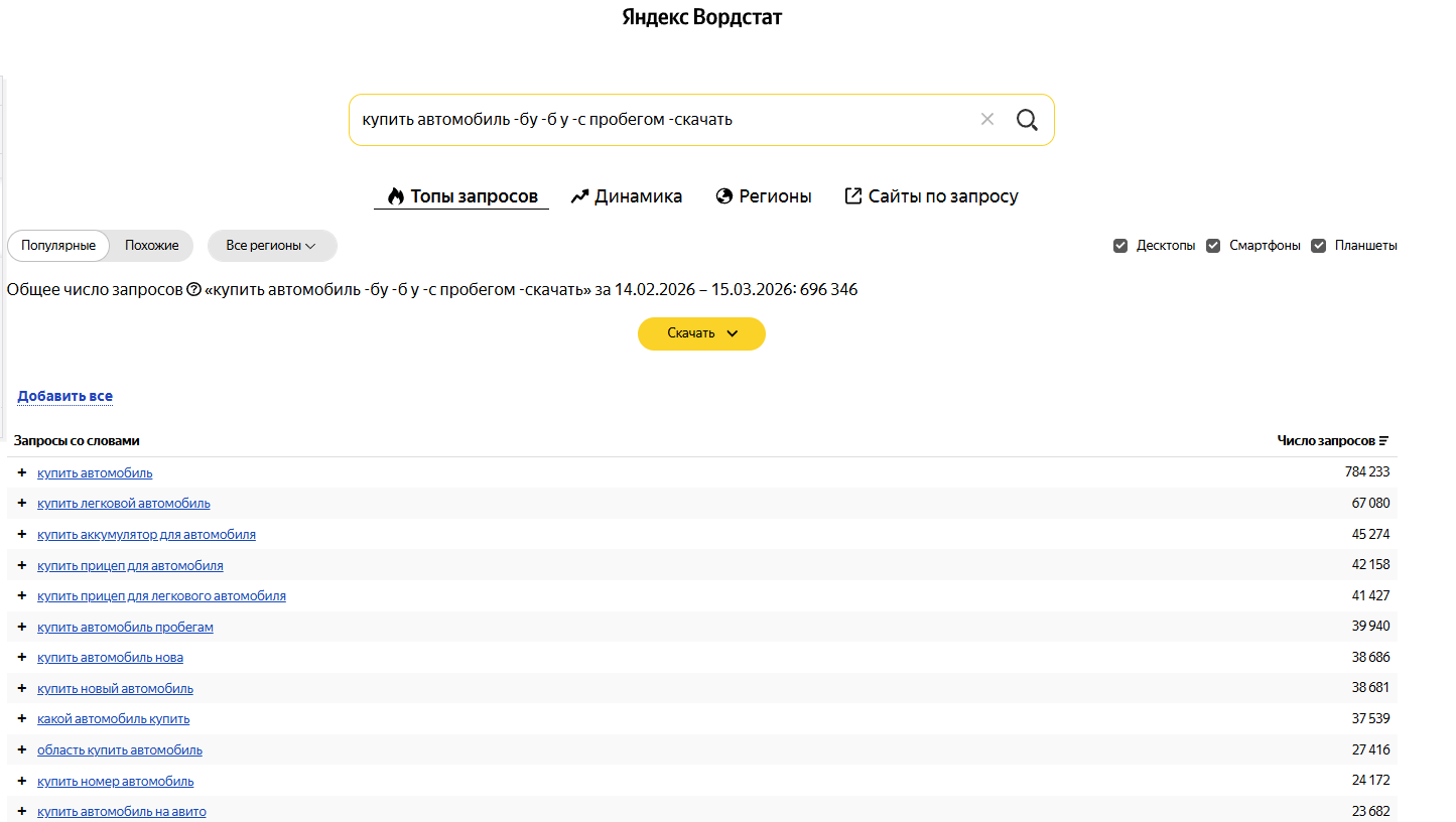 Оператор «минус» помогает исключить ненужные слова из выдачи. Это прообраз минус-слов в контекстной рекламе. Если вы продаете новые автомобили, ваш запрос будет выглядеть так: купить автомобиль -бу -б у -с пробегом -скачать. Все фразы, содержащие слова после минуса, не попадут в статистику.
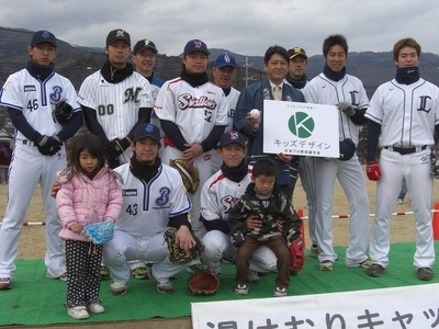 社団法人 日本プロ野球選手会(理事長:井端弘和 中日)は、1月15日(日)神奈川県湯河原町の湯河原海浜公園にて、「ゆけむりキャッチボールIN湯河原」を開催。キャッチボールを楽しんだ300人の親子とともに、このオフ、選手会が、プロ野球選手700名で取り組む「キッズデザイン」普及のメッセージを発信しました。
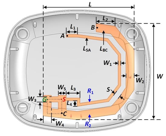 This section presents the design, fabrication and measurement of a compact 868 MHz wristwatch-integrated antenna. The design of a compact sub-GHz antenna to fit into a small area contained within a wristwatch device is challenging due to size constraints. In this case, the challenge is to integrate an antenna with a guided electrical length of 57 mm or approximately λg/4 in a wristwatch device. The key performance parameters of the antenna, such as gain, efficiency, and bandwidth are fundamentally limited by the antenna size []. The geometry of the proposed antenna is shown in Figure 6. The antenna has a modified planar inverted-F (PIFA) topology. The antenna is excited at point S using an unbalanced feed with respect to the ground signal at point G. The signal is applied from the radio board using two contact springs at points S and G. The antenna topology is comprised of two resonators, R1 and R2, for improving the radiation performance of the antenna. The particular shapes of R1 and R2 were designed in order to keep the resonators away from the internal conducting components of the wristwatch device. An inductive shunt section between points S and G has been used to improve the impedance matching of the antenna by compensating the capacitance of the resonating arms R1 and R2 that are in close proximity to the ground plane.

▶ **Requirement**
Would you please give the material above again, unchanged but without pictures?

▶ **Response**
 Оператор «минус» помогает исключить ненужные слова из выдачи. Это прообраз минус-слов в контекстной рекламе. Если вы продаете новые автомобили, ваш запрос будет выглядеть так: купить автомобиль -бу -б у -с пробегом -скачать. Все фразы, содержащие слова после минуса, не попадут в статистику.
 社団法人 日本プロ野球選手会(理事長:井端弘和 中日)は、1月15日(日)神奈川県湯河原町の湯河原海浜公園にて、「ゆけむりキャッチボールIN湯河原」を開催。キャッチボールを楽しんだ300人の親子とともに、このオフ、選手会が、プロ野球選手700名で取り組む「キッズデザイン」普及のメッセージを発信しました。
 This section presents the design, fabrication and measurement of a compact 868 MHz wristwatch-integrated antenna. The design of a compact sub-GHz antenna to fit into a small area contained within a wristwatch device is challenging due to size constraints. In this case, the challenge is to integrate an antenna with a guided electrical length of 57 mm or approximately λg/4 in a wristwatch device. The key performance parameters of the antenna, such as gain, efficiency, and bandwidth are fundamentally limited by the antenna size []. The geometry of the proposed antenna is shown in Figure 6. The antenna has a modified planar inverted-F (PIFA) topology. The antenna is excited at point S using an unbalanced feed with respect to the ground signal at point G. The signal is applied from the radio board using two contact springs at points S and G. The antenna topology is comprised of two resonators, R1 and R2, for improving the radiation performance of the antenna. The particular shapes of R1 and R2 were designed in order to keep the resonators away from the internal conducting components of the wristwatch device. An inductive shunt section between points S and G has been used to improve the impedance matching of the antenna by compensating the capacitance of the resonating arms R1 and R2 that are in close proximity to the ground plane.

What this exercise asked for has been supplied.